* [Data]

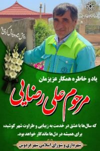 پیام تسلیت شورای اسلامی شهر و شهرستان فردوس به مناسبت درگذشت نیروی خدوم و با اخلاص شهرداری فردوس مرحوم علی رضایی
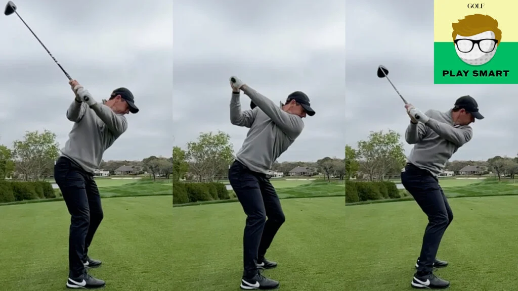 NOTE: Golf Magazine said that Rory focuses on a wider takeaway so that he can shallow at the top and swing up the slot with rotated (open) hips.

--

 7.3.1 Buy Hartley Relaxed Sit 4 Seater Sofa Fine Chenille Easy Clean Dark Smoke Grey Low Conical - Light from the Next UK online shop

* * *

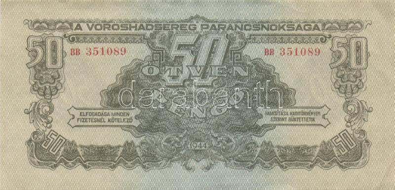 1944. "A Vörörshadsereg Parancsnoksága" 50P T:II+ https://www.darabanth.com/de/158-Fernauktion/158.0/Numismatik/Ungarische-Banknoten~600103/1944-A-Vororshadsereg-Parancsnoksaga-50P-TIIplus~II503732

* [Task description] Using the entries above, write out exactly the lines from the one with "پیام تسلیت شورای" through the one with "NOTE: Golf Magazine", ends included. Leave out any pictures.

* [Response]
 پیام تسلیت شورای اسلامی شهر و شهرستان فردوس به مناسبت درگذشت نیروی خدوم و با اخلاص شهرداری فردوس مرحوم علی رضایی
 NOTE: Golf Magazine said that Rory focuses on a wider takeaway so that he can shallow at the top and swing up the slot with rotated (open) hips.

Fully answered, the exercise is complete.